İkili ilişkilerde çoğu zaman en çok yıpranan şey, sevgiden çok saygıdır. Özellikle günlük hayatın yükleri, iş bölümleri ve ortak sorumluluklar arasında bazen karşımızdakinin yaptığı işe olan değer yargımız bulanıklaşır. Bir işi yapmadığımızda onun ne kadar emek istediğini ne kadar sabır gerektirdiğini ya da görünmeyen ne kadar yük taşıdığını fark edemeyiz.
Evdeki bulaşıkları yıkamak, çocukla ilgilenmek, faturaları ödemek, akşam yemeğini planlamak, alışveriş yapmak, araç kullanmak… Bunların hepsi küçük gibi görünen ama birikince insanı zihnen ve bedenen tüketen işlerdir.
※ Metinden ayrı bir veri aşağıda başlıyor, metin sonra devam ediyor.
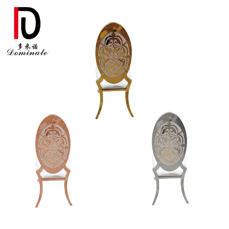 Silla de banquete de boda de acero inoxidable dorado, cojín de terciopelo apilable con respaldo ovalado para restaurantes, hoteles y fiestas
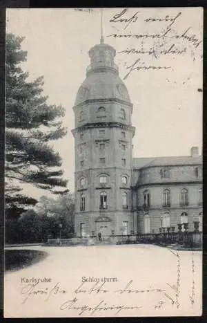 Karlsruhe. Schlossturm - Gelaufen 1905. (NPLZ 76000).
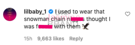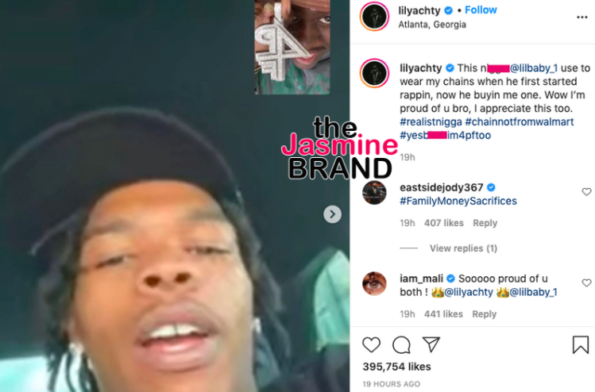 “This n***a @lilbaby_1 use to wear my chains when he first started rappin, now he buyin me one. Wow I’m proud of u bro, I appreciate this too.”
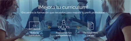 ¿Buscas trabajo pero crees que a tu currículum le falta algo? ¿Quieres realizar un curso pero no estás seguro/a de cuál es el más indicado para ti? Educaweb ha diseñado una aplicación que te ayudará a encontrar la formación continua más adecuada para desarrollar tus competencias profesionales.¿Cómo funciona? Sube tu currículum a nuestra página, Educaweb lo analiza para detectar tus competencias y te ofrece cursos para mejorarlas. De esta forma, podrás aprovechar al máximo tu potencial para encontrar empleo, accediendo a los cursos que mejoran y completan tu perfil.
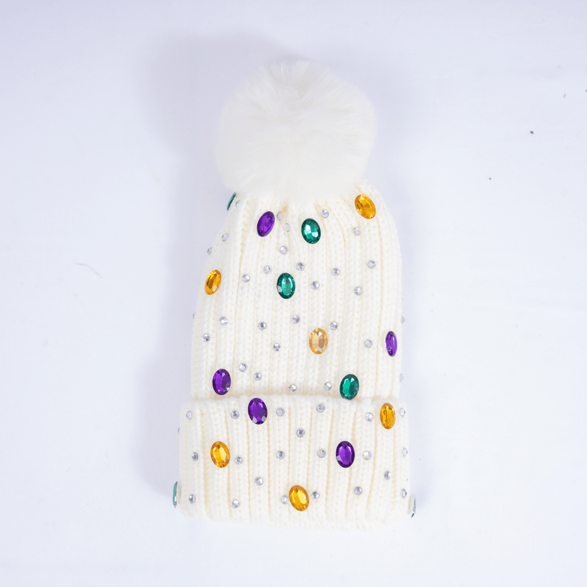 Mardi Gras Rhinestone Knit Beanie with Faux Fur Pom - White
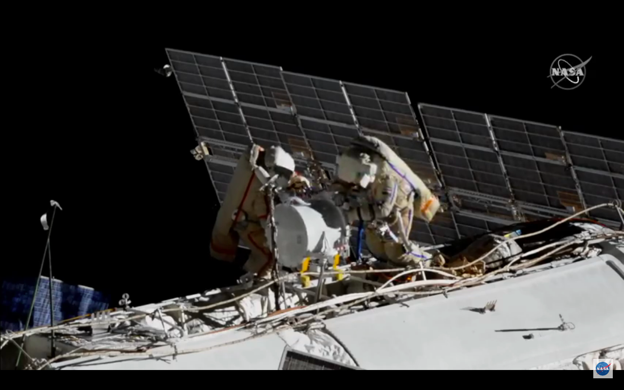 RS/EVA-47: PET 4h:30m; Ryzhikov and Kud-Sverchkov have disconnected the telemetry cable from Pirs and connected it to Poisk, a step toward decommissioning Pirs before detachment next year; the cosmonauts are now going to remove and replace a micrometeoroid "witness plate"
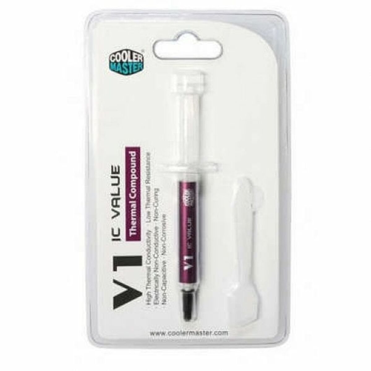 Cooler Master IC Value V1. Conductividad térmica: 1,85 W/m·K, Densidad: 2,5 g/cm³, Color del producto: Blanco. Volumen: 2 ml, Peso: 8 g. Cantidad por paquete: 1 pieza(s), Tipo de embalaje: Blister
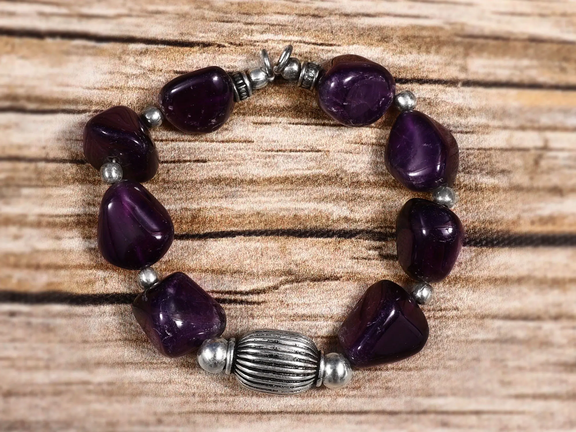 Adorn your wrist with the captivating charm of a sterling silver bracelet featuring amethyst gemstones. This bracelet combines the timeless elegance of sterling silver with the enchanting purple hues of amethyst, creating a stylish and versatile accessory. Embrace the soothing energy and vibrant beauty of amethyst, allowing this sterling silver bracelet to become a statement piece that reflects your style.

Fakat bir işi yapmıyorsan, eleştirmeden önce durup düşünmelisin: “Ben bu işin başına geçiyor muyum, yoksa sadece dışarıdan izleyip yargılıyor muyum?”
Çünkü hem o işi yapmamak hem de sadece kenardan laf söyleyip memnun kalmamak o işi yapanı demoralize etmekten başka bir işe yaramaz. Ve bir an gelir o kişi “el frenini çeker” ve buyur öyle ise sen yap der. Eğer böyle bir durum oluyorsa da şikayet etmeden o işin başına geçmek ve bugüne kadar yapılmayan bir davranışın neden yapıldığını sükunetle düşünmek ve anlamayı denemek gerekir. Belli ki orada artık görünmeyen olanın, görünür olma artık bana da saygı duy isteğinin çığlığı yankılanmaktadır.
İlişkilerdeki huzur, tarafların birbirinin emeğine duyduğu saygıyla beslenir. Bu nedenle ya o işin sorumluluğunu al, ya da sessizce, içten bir teşekkürle o işi yapanı onurlandır.
Saygı, sevginin görünmeyen temelidir. Ve her iş, arkasında görülmeyen bir özveriyle yürür. Bunu fark etmek; ilişkileri daha güçlü, daha adil ve daha sevgi dolu yapar.